Jauron press conf. transcript - 10/25

Posted Oct 25, 2012

The transcript of defensive coordinator Dick Jauron's Thursday afternoon press conference.

Browns Defensive Coordinator Dick Jauron Press Conference 10-25-12

(On if the young defensive linemen struggled maintaining their assignments last week)- “No I didn’t think so actually. I thought they played pretty well again up front. We made some errors in our fits. That doesn’t mean every play they played terrific up front. In a 70-play game, you’re going to have good and bad downs. But no, I thought the young guys played pretty well again. They’ve been consistently solid and we talk about it a lot. Really, I don’t want to say it’s a surprise, because clearly we drafted them for this reason, but they’ve played better than you could anticipate, and continue to improve I think.”

(On if he feels good about the depth on the defensive line with John Hughes and Billy Winn along with Phil Taylor and Ahtyba Rubin returning in the future)- “I feel very good about it. Inside, our depth, when we get everybody back, is really pretty good. They are all playing at a good level. We like Kitch (Ishmaa’ily Kitchen) too. Kitch has done a nice job. He’s come along. He’s learning more and more about our scheme and how we play, and he’s willing and he’s big. We like that combination. We’re happy about it. Again, up front there are a lot of really good young players. I think it bodes well for the organization as it moves forward and as we move forward this year.”

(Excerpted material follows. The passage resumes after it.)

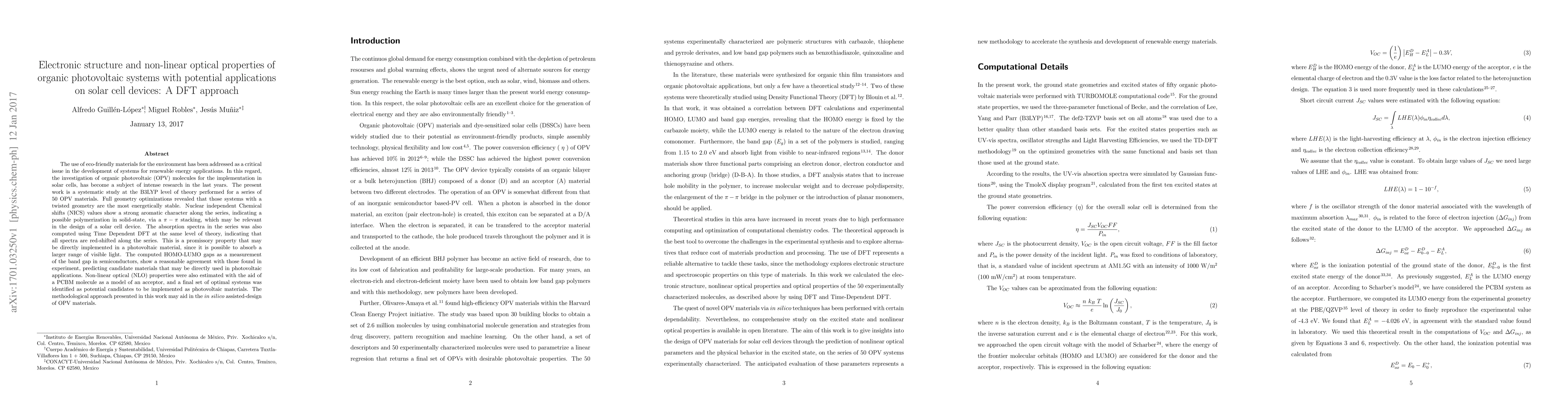 The use of eco-friendly materials for the environment has been addressed as a critical issue in the development of systems for renewable energy applications. In this regard, the investigation of organic photovoltaic (OPV) molecules for the implementation in solar cells, has become a subject of intense research in the last years. The present work is a systematic study at the B3LYP level of theory performed for a series of 50 OPV materials. Full geometry optimizations revealed that those systems with a twisted geometry are the most energetically stable. Nuclear independent Chemical shifts (NICS) values show a strong aromatic character along the series, indicating a possible polymerization in solid-state, via a {\pi}-{\pi} stacking, which may be relevant in the design of a solar cell device. The absorption spectra in the series was also computed using Time Dependent DFT at the same level of theory, indicating that all spectra are red-shifted along the series. This is a promissory property that may be directly implemented in a photovoltaic material, since it is possible to absorb a larger range of visible light. The computed HOMO-LUMO gaps as a measurement of the band gap in semiconductors, show a reasonable agreement with those found in experiment, predicting candidate materials that may be directly used in photovoltaic applications. Non-linear optical (NLO) properties were also estimated with the aid of a PCBM molecule as a model of an acceptor, and a final set of optimal systems was identified as potential candidates to be implemented as photovoltaic materials. The methodological approach presented in this work may aid in the in silico assisted-design of OPV materials.

(On if James-Michael Johnson could play inside linebacker or if he’s better suited for outside)- “I think that he can handle the MIKE in time. We don’t need him in there right now. Obviously with Scott’s (Fujita) injury, there’s a real need at the SAM, but I do believe that he can play them both. He can probably all three of them in time. I think he’s smart enough and he’s talented enough to do it. He’s certainly helping us in doing the job at the SAM at this point, but I think he can play inside.”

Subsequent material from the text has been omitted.